### [Aim of the task]
Your copy begins at the line with "15日下午,從北京到濟南的D" and runs through the end of the data below. Set down only those lines exactly, without pictures.

[Recorded data]

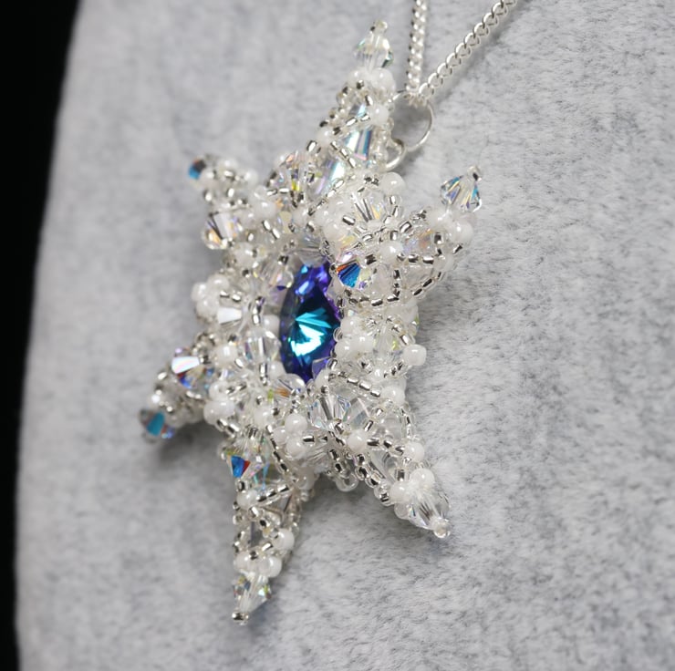 The pendant has been made using a tutorial from Diana Balogh, her tutorial being called the ‘Snowflake Pendant’. Diana gives permission for purchasers of her tutorials to make and sell jewellery based upon them. A copy of this tutorial can be purchased at http://dianabalogh.com .
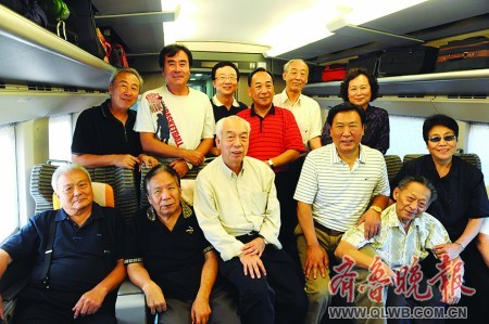 15日下午,從北京到濟南的D33次列車上,張燮林、鄭鳳榮、李淑蘭、王富洲、高健、張俊秀、黃強輝、馬元安、年維泗、郗恩庭、鄒振先等入選“全運50年體育功勛榜”的風云人物,以及著名體育節目主持人孫正平,在七號車廂相逢。 本報記者  周青先  攝
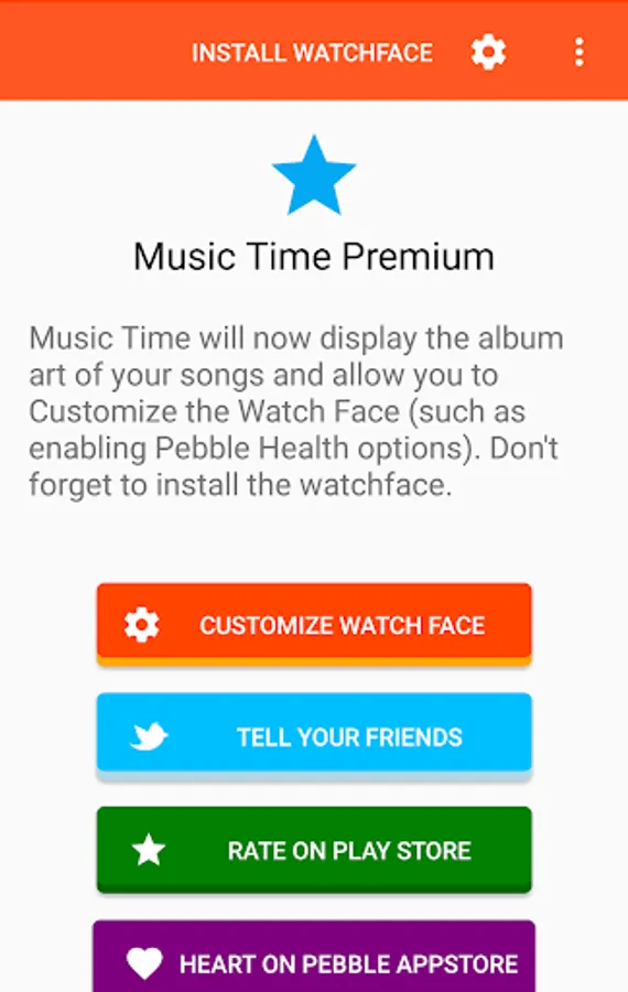 Music Time is the watch face that lets you enjoy your music even when you aren't listening to it. The watchface adapts to the color of the current album art and will even display the current album art for users that have upgraded to premium (in app). Premium users can also enjoy watch face customizations; show or hide information and even enable Pebble Health step count display.
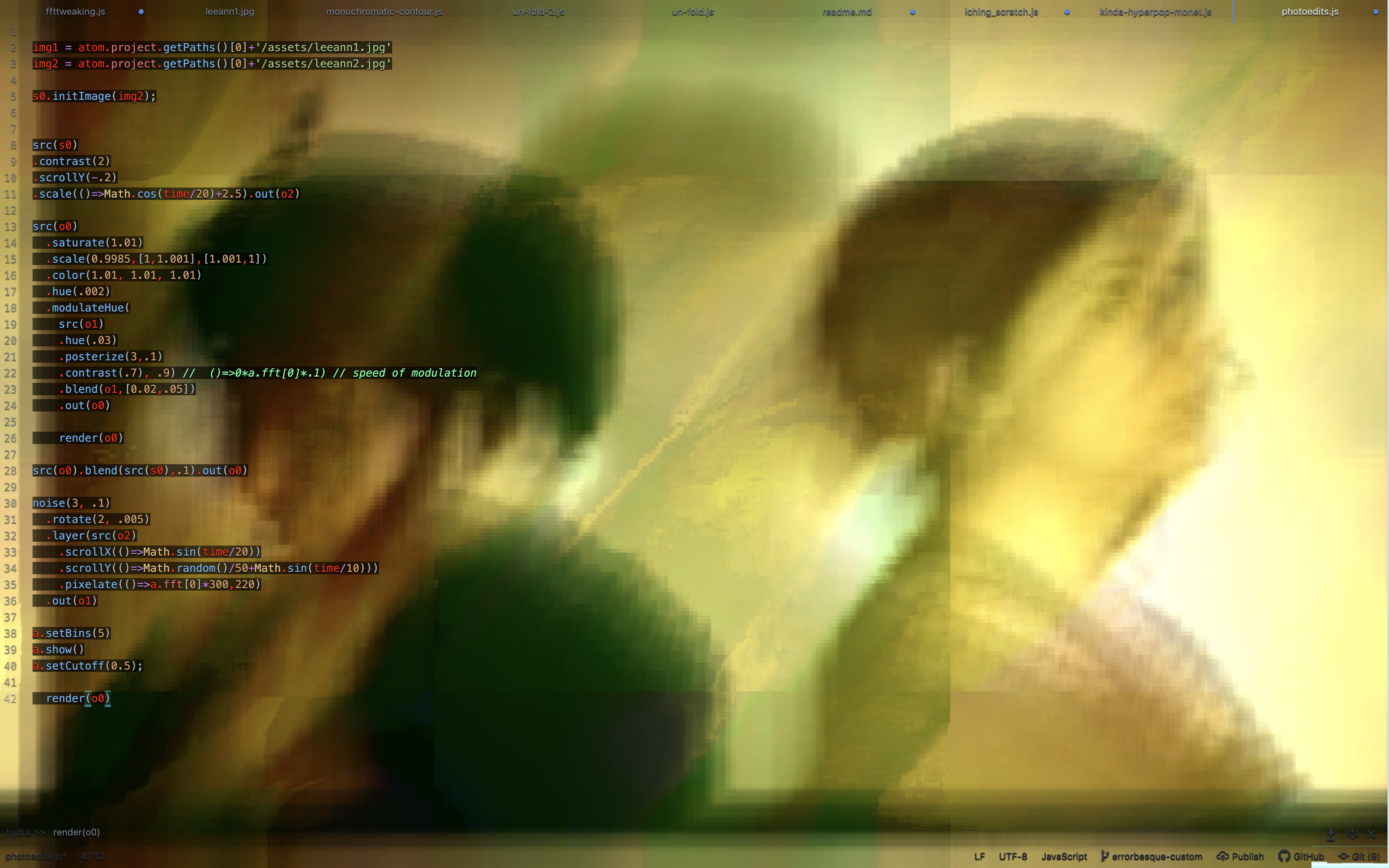 midway through (maybe at 12:00) you can see me wipe the codebase and i start from scratch! :x the second half was thus totally improvised and it still ended up looking surprisingly cool.
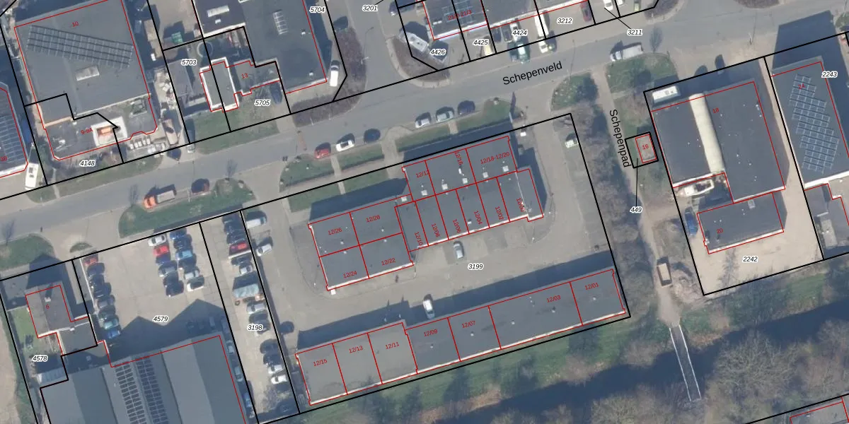Het perceel waarop Schepenveld 12-08 staat heeft een oppervlakte van 4056 m². Dit is een zeer groot perceel. De perceeloppervlakte wordt geregistreerd door het Kadaster. Gedetailleerde informatie over de maten van dit perceel kunt u vinden in het rapport Kadastrale kaart met maatvoering van Schepenveld 12-08.
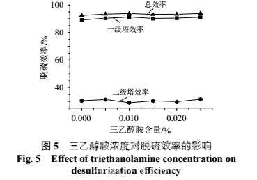 三乙醇胺后的脱硫效率都在 92%左右,且脱硫效率基本不随

### [Response below]
 15日下午,從北京到濟南的D33次列車上,張燮林、鄭鳳榮、李淑蘭、王富洲、高健、張俊秀、黃強輝、馬元安、年維泗、郗恩庭、鄒振先等入選“全運50年體育功勛榜”的風云人物,以及著名體育節目主持人孫正平,在七號車廂相逢。 本報記者  周青先  攝
 Music Time is the watch face that lets you enjoy your music even when you aren't listening to it. The watchface adapts to the color of the current album art and will even display the current album art for users that have upgraded to premium (in app). Premium users can also enjoy watch face customizations; show or hide information and even enable Pebble Health step count display.
 midway through (maybe at 12:00) you can see me wipe the codebase and i start from scratch! :x the second half was thus totally improvised and it still ended up looking surprisingly cool.
Het perceel waarop Schepenveld 12-08 staat heeft een oppervlakte van 4056 m². Dit is een zeer groot perceel. De perceeloppervlakte wordt geregistreerd door het Kadaster. Gedetailleerde informatie over de maten van dit perceel kunt u vinden in het rapport Kadastrale kaart met maatvoering van Schepenveld 12-08.
 三乙醇胺后的脱硫效率都在 92%左右,且脱硫效率基本不随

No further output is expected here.